When Goroutines Shine

Goroutines work well for several patterns. Here’s real benchmark data from bench_goroutine_usecase.elf:

┌─────────────────────────────────────────────────────────────┐
│   USE CASE                    OVERHEAD    VERDICT           │
├─────────────────────────────────────────────────────────────┤
│   Multiple independent tasks  10-38%      ✓ Acceptable      │
│   Producer-consumer pattern   ~163%       ⚠ Use carefully   │
│   Channel ping-pong           ~13 μs/op   Know the cost     │
└─────────────────────────────────────────────────────────────┘

The key insight: independent tasks (each goroutine does its own work, minimal channel communication) have reasonable overhead (typically ~25%, varies with scheduling).
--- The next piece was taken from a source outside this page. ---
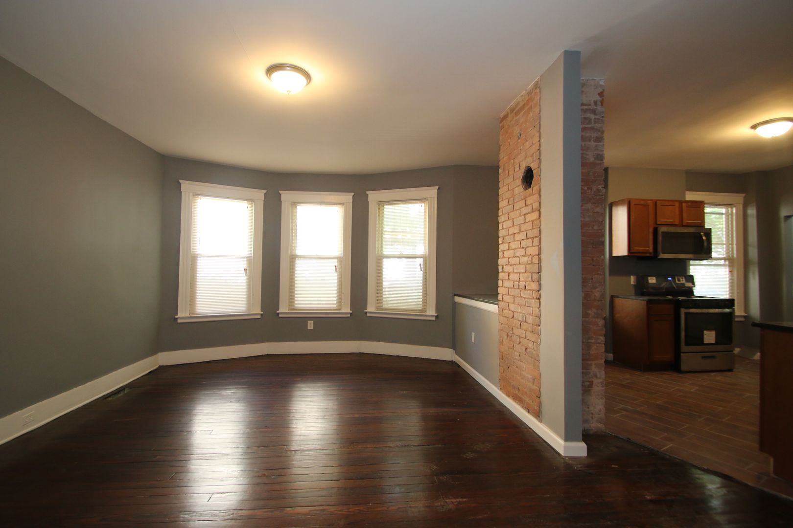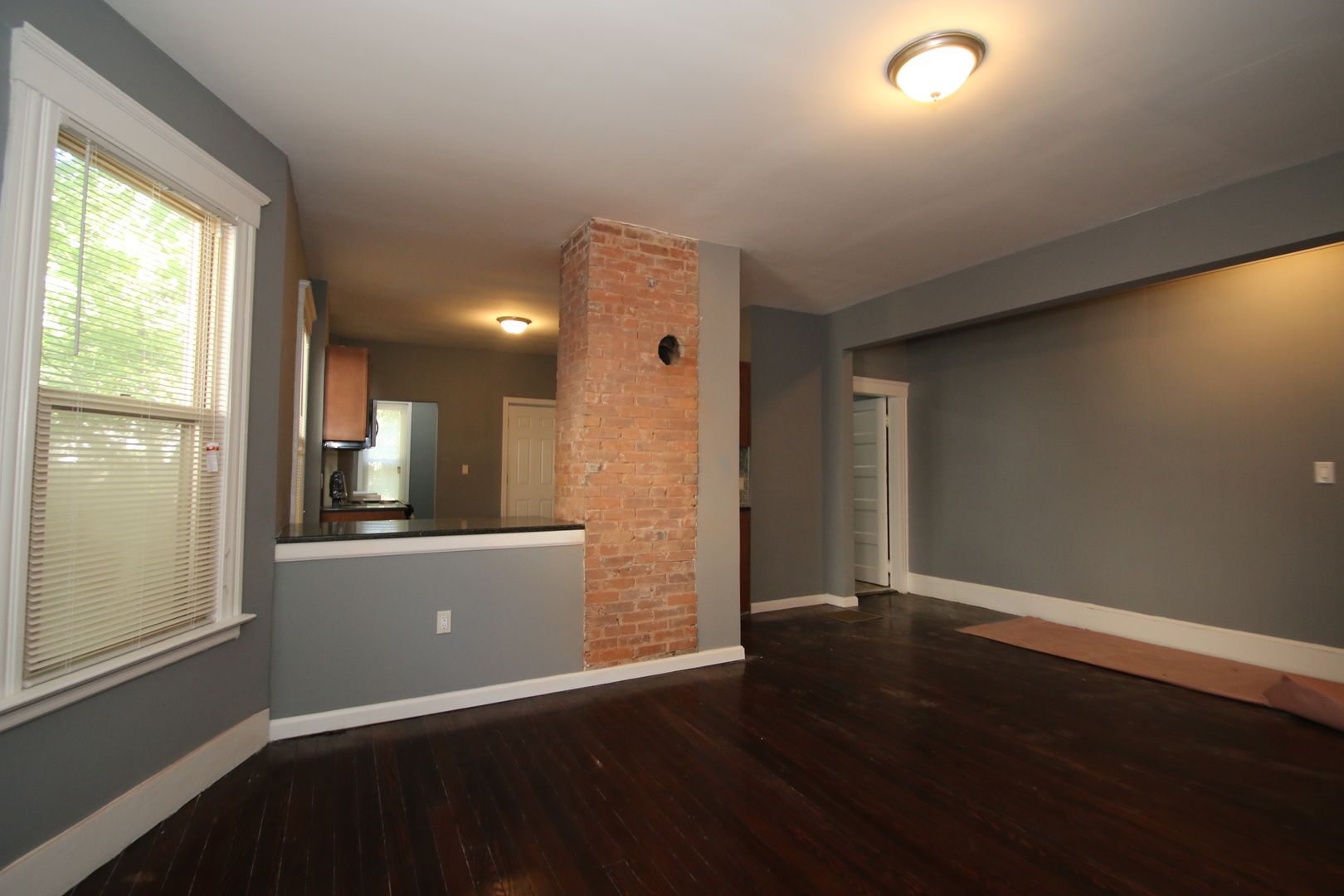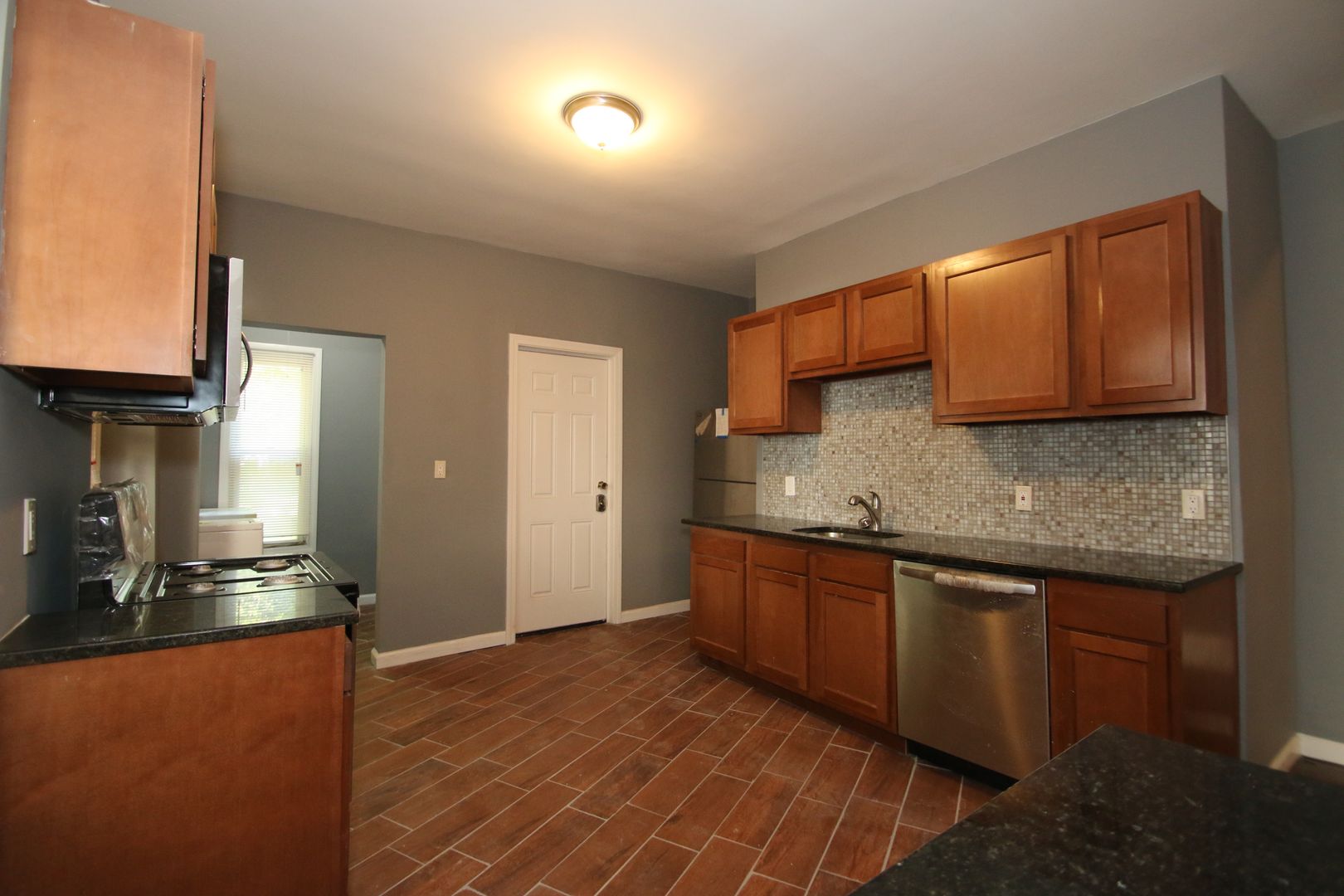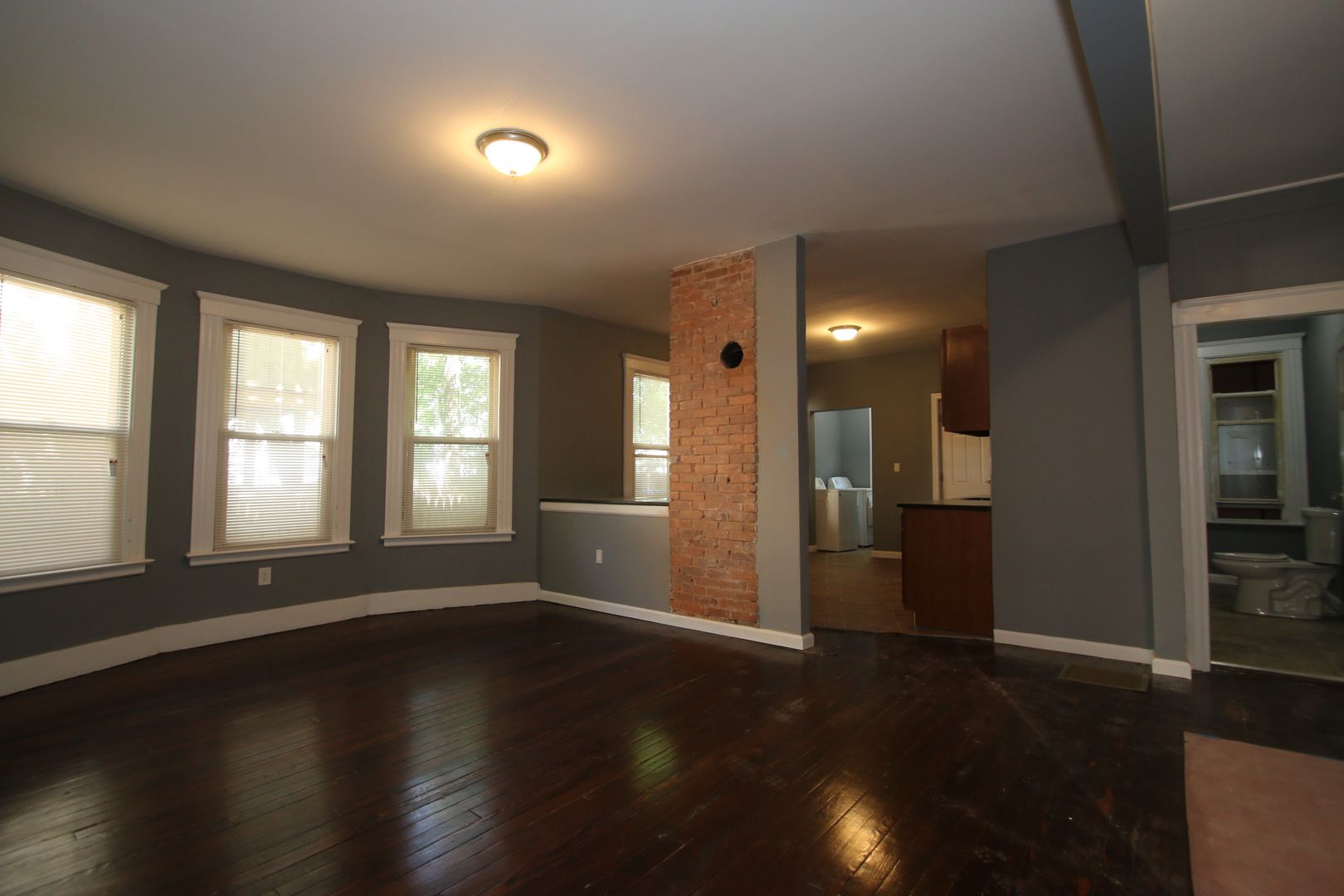 This residence boasts three spacious bedrooms and a full bathroom. The apartment features hardwood floors, exposed brick, and an open concept living. The kitchen has dark wood cabinets, granite countertops, a tile backsplash, and a full suite of stainless steel appliances including a dishwasher, refrigerator, microwave, and oven/range. The bathroom has a tile surround in the shower and a tile floor. The apartment also comes with a washer/dryer in the unit and a separate laundry room for added convenience. Natural gas heat and great natural lighting. Pet-friendly and no security deposit or application fee required. Please note that off-street parking is not available.

Heavy channel use (producer-consumer with many sends) costs ~163%.

Porting Existing Go Code

If you’re porting Go code that uses goroutines, it works without modification:

// This Go code just works:
func fetch(urls []string) []Result {
    ch := make(chan Result, len(urls))
    for _, url := range urls {
        go func(u string) {
            ch <- download(u)
        }(url)
    }
    // ... collect results
}

Patterns to Avoid

Some patterns don’t make sense on a single-core system:

Don’t: Spawn Per-Item

// Inefficient: 1000 spawns = 32 ms overhead
for i := 0; i < 1000; i++ {
    go process(items[i])
}

// Better: Process directly, or use one goroutine
for i := 0; i < 1000; i++ {
    process(items[i])
}

Don’t: Force Sequential With Channels

// Overcomplicated: These are sequential anyway
go step1()
<-done1
go step2()
<-done2

// Simpler:
step1()
step2()

Be Careful: Heavy Channel Traffic

// Each channel op is ~13 μs
// High-volume producer-consumer shows ~163% overhead
for item := range items {
    workChan <- item
}

For high-throughput paths, batch items or use direct calls.